Jane Austen to Cassandra Austen, 27 August 1805 (Jane Austen’s Letters, ed. Deirdre Le Faye)

The exact recipe for ‘toasted cheese’ that Jane enjoyed at home is included in the handwritten book of recipes compiled by her close friend, Martha Lloyd. Martha’s sister, Mary, was married to Jane’s brother, James. When Jane, her sister Cassandra and their mother moved to the Hampshire village of Chawton in 1809, Martha went with them. While Jane was busily writing her novels, Martha was continuing to expand her book of recipes and remedies that sustained the Austen family.

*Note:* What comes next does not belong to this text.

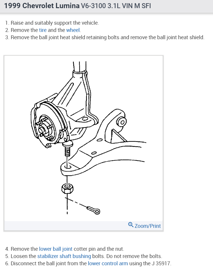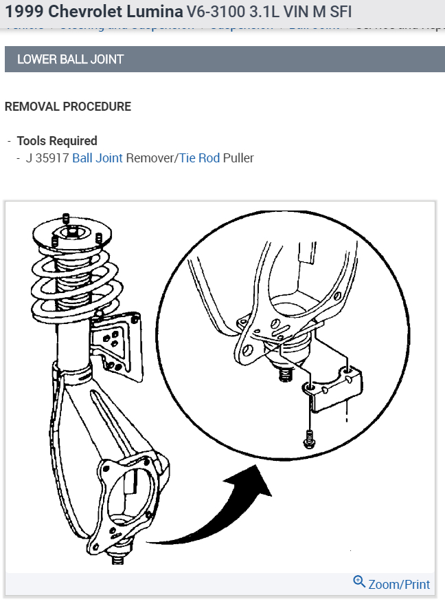 Welcome to the forum, I tried to post the information, did not work. Autozone. Com has free information. You will have to register your vehicle, it is free. Then in the parts search box, upper right, type in ball joint, the next page that comes up in the right column is link for removal of ball joint.

Emily Blaauw’s recipe book is a very similar artefact and also includes a recipe for toasted cheese sandwiches, given to her by her aunt, Lydia Martin, who was a contemporary of Jane Austen and Martha Lloyd.

Cheese Sandwiches / Aunt L. Martin

Take grated cheese, mix it with butter & mustard to a paste, spread it thick on thin slices of bread cut into the form you like, & bake it light brown.

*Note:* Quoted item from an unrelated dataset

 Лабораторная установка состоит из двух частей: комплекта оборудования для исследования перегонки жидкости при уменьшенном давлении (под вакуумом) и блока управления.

The only difference between Martha’s and Lydia’s recipes is that Martha’s includes an egg in the mixture, which I tried and is delicious. This has become a regular lunchtime meal for me! It is curious that Emily has described this recipe as a ‘cheese sandwich’ which typically referred to a filling between two bits of bread, an invention attributed to John Montagu, 4th Earl of Sandwich (1718–92) and dating back to at least 1762.

Emily was 10 years old in 1809 when the Austen women moved to Chawton, which is about six miles from Froyle Place, the home of Emily’s widowed grandfather, Sir Thomas Miller. Emily spent much of her childhood here, in the company of various Miller relatives, following the untimely death of her mother in 1803. Several of Emily’s recipes are associated with Froyle. But what is intriguing to wonder (though not, as yet, evidenced by fact) is whether the Millers of Froyle Place were acquainted with the Knights of Chawton House. Known to Jane as the Great House, Chawton House was one of the homes of her brother, Edward (Austen) Knight. Just supposing that, like Mr and Mrs Bennett in Pride and Prejudice, the Millers ‘dine with four-and-twenty families’, is there a possibility that they may have been invited to dine at Chawton House?

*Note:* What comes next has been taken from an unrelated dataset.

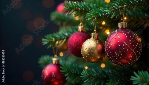 Sparkling Christmas tree ornaments on a decorated branch , conifer, purple, holiday

Today, Chawton House is home to an important collection of books and manuscripts by women writers, spanning the two centuries from 1660 to 1860, including several recipe books. And the afternoon tea available in Chawton House’s wonderful old kitchen is an absolute treat; they also serve cheese toasties …

A sketch of Jane Austen drawn by her sister, Cassandra Austen

The oak-panelled dining room in Chawton House, with the table set for a Regency feast when I visited in November. Jane Austen dined here – did Emily’s grandfather too?